Wednesday, April 10, 2019

The twenty-two herbaceous flowers which I have known to be open before the first of May.

April 10. 

A calm day at last, the water almost smooth and now so low that I cannot cross the meadows. 

So ends the spring freshet (apparently), which began (not to include the winter one) March 8th and was at its height the 17th and 18th. It has lasted a month, and to-day, too, ends the windy spell. Since the 6th (q. v.) there have been two days, the 7th and 8th, of strong northwest wind, and one, the 9th, of very strong and yet colder and more northerly wind than before.

This makes twenty-two days of windy weather in all, reckoning only from the last still days (the 17th and 18th of March) and not including to-day. Of these, eleven days have been of very strong and cold northwest wind, the last, or yesterday, more northerly, — except the first, when the wind was southwest, — seven of strong wind and generally northwest, and four only of moderate wind. 

We had rain on the 18th, 22d, 24th, 25th, 29th of March, and 3d of April, and always with an easterly or southerly wind; or as often as the wind came from the east or south it brought rain, with generally considerable wind driving it, and it invariably cleared off cold with a wind from the northwest. 

The wind has regularly gone down with the sun, and risen again with it. It has been so strong as to interfere with all outdoor occupations. Yet I have not observed a single tree which was blown down by it. 
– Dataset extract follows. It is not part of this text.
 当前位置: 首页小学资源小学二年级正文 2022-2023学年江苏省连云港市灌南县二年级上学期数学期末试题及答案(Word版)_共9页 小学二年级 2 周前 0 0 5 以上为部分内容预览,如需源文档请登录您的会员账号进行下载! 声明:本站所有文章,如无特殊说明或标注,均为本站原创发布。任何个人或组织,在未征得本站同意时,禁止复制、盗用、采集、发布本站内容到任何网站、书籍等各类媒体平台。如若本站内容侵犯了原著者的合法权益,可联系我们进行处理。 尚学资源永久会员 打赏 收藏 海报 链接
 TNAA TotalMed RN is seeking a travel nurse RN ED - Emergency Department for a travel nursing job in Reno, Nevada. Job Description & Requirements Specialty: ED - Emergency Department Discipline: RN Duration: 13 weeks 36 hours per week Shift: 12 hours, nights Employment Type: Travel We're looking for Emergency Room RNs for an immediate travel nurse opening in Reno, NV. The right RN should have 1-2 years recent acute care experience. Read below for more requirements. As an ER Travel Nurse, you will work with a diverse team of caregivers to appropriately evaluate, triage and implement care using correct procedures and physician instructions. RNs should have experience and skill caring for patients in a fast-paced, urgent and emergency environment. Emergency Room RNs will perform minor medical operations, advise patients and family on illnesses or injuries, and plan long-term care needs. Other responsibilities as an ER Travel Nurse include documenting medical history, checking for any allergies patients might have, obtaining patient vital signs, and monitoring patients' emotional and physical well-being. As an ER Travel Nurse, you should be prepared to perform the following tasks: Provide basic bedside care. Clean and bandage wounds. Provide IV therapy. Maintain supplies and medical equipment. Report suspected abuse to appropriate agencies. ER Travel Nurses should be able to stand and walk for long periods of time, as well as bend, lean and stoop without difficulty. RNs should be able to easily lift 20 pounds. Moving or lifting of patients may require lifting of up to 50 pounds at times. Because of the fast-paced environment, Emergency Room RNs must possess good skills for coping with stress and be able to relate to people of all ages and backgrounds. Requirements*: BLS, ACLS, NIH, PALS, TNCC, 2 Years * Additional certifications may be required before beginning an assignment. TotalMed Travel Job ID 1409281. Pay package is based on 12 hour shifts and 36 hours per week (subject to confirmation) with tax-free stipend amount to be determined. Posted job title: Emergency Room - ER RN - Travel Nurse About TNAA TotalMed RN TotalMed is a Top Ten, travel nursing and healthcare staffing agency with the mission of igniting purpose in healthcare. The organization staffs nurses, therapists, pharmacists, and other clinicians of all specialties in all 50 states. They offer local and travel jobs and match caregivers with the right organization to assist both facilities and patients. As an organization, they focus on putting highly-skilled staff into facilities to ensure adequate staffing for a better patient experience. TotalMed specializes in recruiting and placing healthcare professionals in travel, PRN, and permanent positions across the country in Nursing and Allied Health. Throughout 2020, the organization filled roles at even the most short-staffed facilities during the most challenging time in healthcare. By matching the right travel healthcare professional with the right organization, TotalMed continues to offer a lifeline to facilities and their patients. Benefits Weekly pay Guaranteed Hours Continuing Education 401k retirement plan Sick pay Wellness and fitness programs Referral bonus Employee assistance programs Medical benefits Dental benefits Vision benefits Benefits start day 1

P. M. — Paddle to Well Meadow. 

I see some remarkable examples of meadow-crust floated off on the A. Wheeler meadow and above, densely covered with button-bushes and willows, etc. One sunk in five feet of water on a sandy shore, which I must examine again. 

I hear of a cinquefoil found in bloom on the 8th. It was in this sprout-land, where it was protected. 
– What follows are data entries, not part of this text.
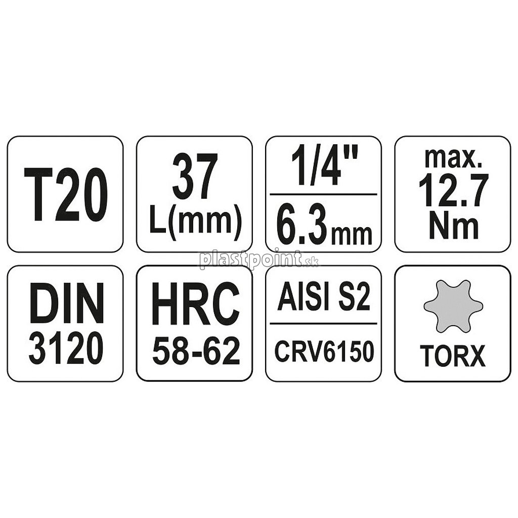 Profesionálny šesťhranný bit Torx pre 1/4' račňu.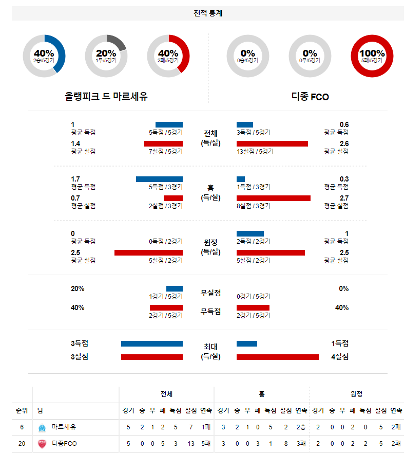 1. 최근 6경기 맞대결 : 6전 4승 2무 10득점 2실점 (마르세유 우세)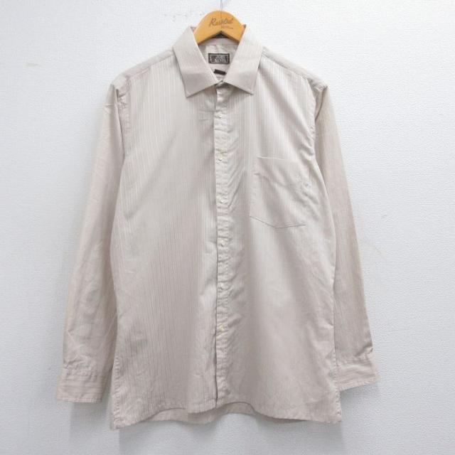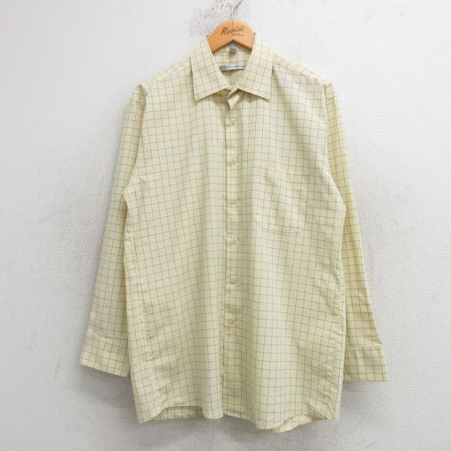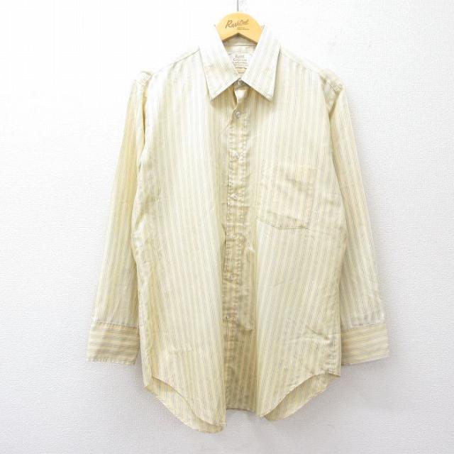 古着 アロー 長袖 シャツ メンズ 80年代 80s 黄他 イエロー ストライプ Lサイズ 中古 トップス 中古 古着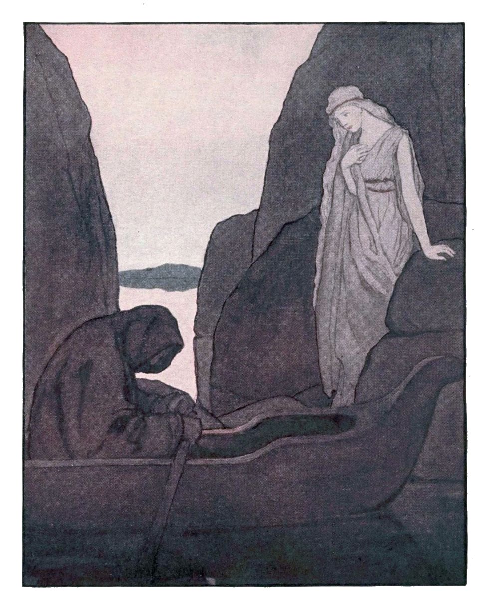 Soon she came to the river, and saw the boat lying there, and the dark boatman Charon. She stepped into the boat, and he took from her lips one of the pieces of silver. In silence he rowed her out upon the river.

This, with bluets, mouse-ear, and Viola ovata (of the herbaceous plants), I should call pasture flowers (among those of March and April). 

I might class the twenty-two herbaceous flowers which I have known to be open before the first of May thus: — 

Garden flowers Chickweed and shepherd's-purse. 
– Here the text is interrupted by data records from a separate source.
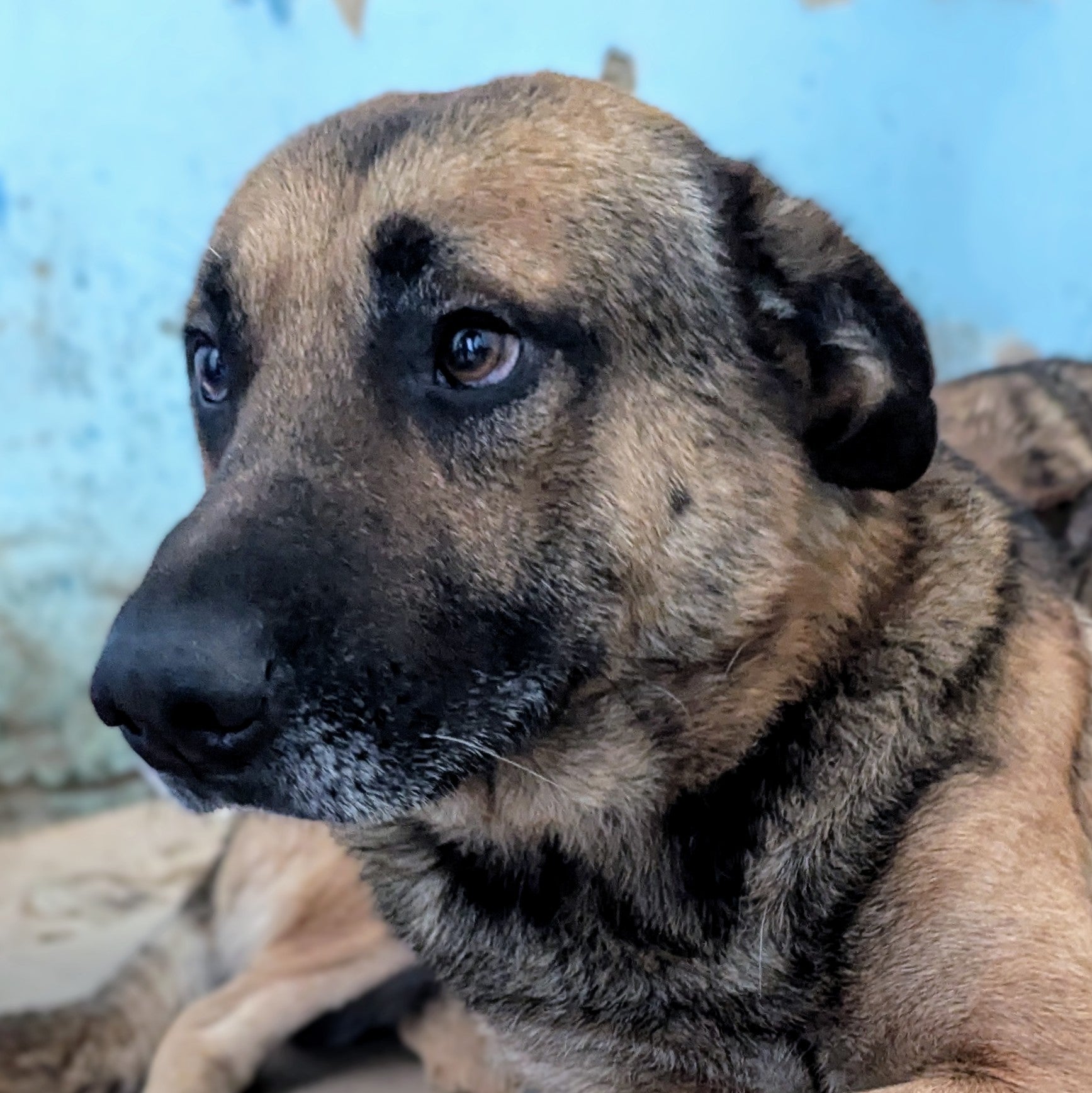 Крупный метис немецкой овчарки. Окрас коричневый с черным и сединой на морде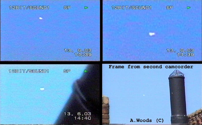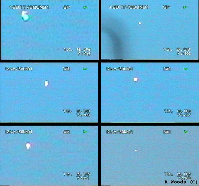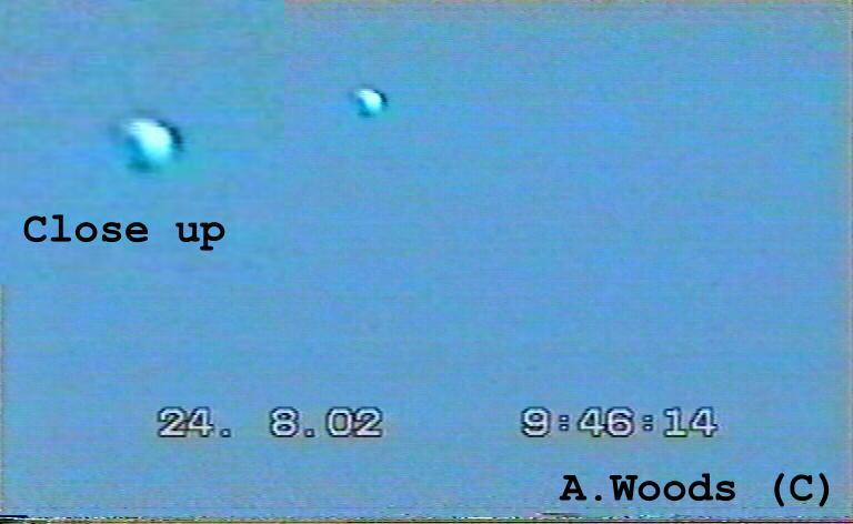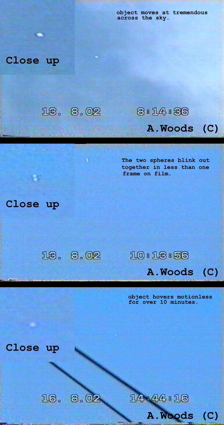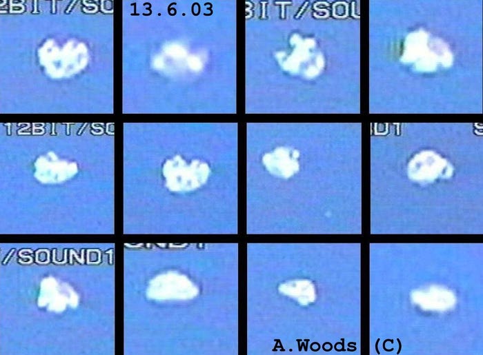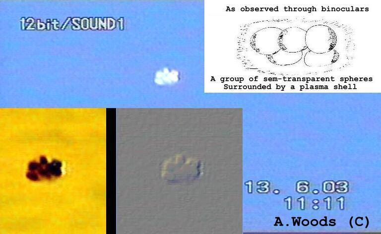 | Friday the 13th June may seem unlucky for some but on this day I would go on to witness my best sightings so far of 2003. It all started early in the morning, once again I had just opened the door to my back garden when I noticed an object sitting stationary in the sky to the left of my position, I quickly rushed indoors to get my camcorder when I got back the object hadn't moved at all. I started to film this very bright & strange UFO for around 20 minutes. This craft appeared to morph & expand itself continuously, it was really bizarre to witness. Eventually it moved off very slowly and out of my view. After all the excitement of witnessing this sighting I had a strong premonition more was to come on that day. I rang my brother-in-law up "Tony" and told him he had to get to my house as quickly as he could, within the next couple of hours my best sighting of the day would happen. It was around 11am when to the west of our position high in the sky we noticed what we thought was a single stationary object. My brother-in-law located the object through his binoculars whilst I was trying to locate it through my camcorder. It started to move forward very slowly heading south east, directly above our position. At this point I decided to stop filming for a second and get my tripod. As I was fumbling trying to attach my camcorder to the tripod the object suddenly and dramatically dropped in altitude, it was really breathtaking to see this. Suddenly we could make out real detail of the UFO. In my panic I decided to abandon the tripod and just get my camcorder on the object as quickly as I could, at this point my brother-in-law could make out fantastic detail on the craft, he said he could make out that the craft was in fact a group of luminous but semi-transparent spheres encased in what looked like a plasma shell keeping them together. We also noticed there were several detached spheres shooting around this large plasma sphere object. |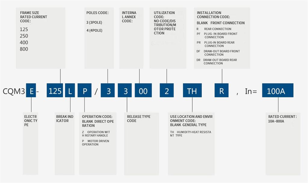 molded case circuit breakers have the functions of long overload delay reverse time limit, short delay reverse time limit, short circuit delay fixed time limit, short circuit instantaneous and under-voltage protection. The protection characteristics of circuit breaker are complete and accurate. It can improve the reliability of power supply and avoid unnecessary blackouts. Only 1, 3, 5 power lines, 2, 4, 6 load lines are allowed.
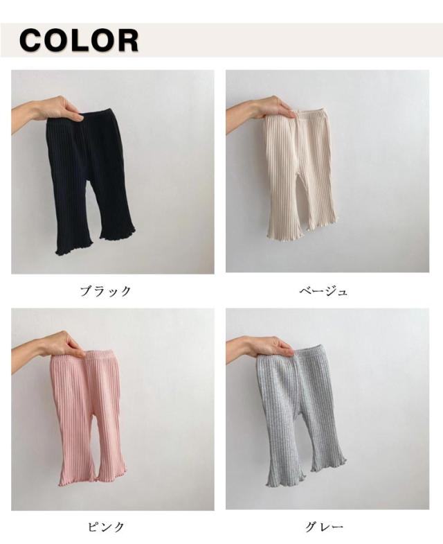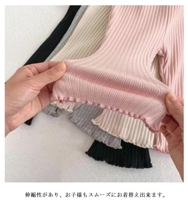 ベビー レギンス フレアレギンス スパッツ リブレギンス フリルパンツ 赤ちゃん キッズ 女の子 春 夏 秋 冬 ズボン パンツ 長ズボン 蚊除け 虫除け 日除け 履きやすい ストレッチ 保育園 幼稚園 お着替え かわいい おしゃれ メロウフリル リブ素材 シンプル 73-110

Meadow flowers Skunk-cabbage, caltha, chrysosplenium, dandelion, strawberry, Viola cucullata. Ranunculus repens (?). 

Rock flowers Saxifrage, crowfoot, columbine, and tower-mustard. 

Woodland flowers Epigaea, anemone, and thalictrum. 

Pasture flowers Cinquefoil, bluets, mouse-ear, and Viola sagittata

Water flowers Callitriche verna and nuphar. 

The woody plants — trees and shrubs — might be arranged under three heads, viz. : — 

Wet Land             Dry Land     Intermediate 
Alders, both (?)      Aspens            Elms 
White maple          Hazels           Red maple 
Most willows         Arbutus             Peach 
Sweet-gale        (?)Arbor-vitae       Abele 
Benzoin        Red cedar   Cultivated cherry Cassandra         Fir-balsam 
White alder [?]   (?) Sweet-fern 
Larch                   Shad-bush 
                          Salix humilis 
                          S. tristis 
                           S. rostrata 
                           Yew 


The hellebore buds [?] are quite conspicuous and interesting to-day, but not at all unrolled, though six or eight inches high. 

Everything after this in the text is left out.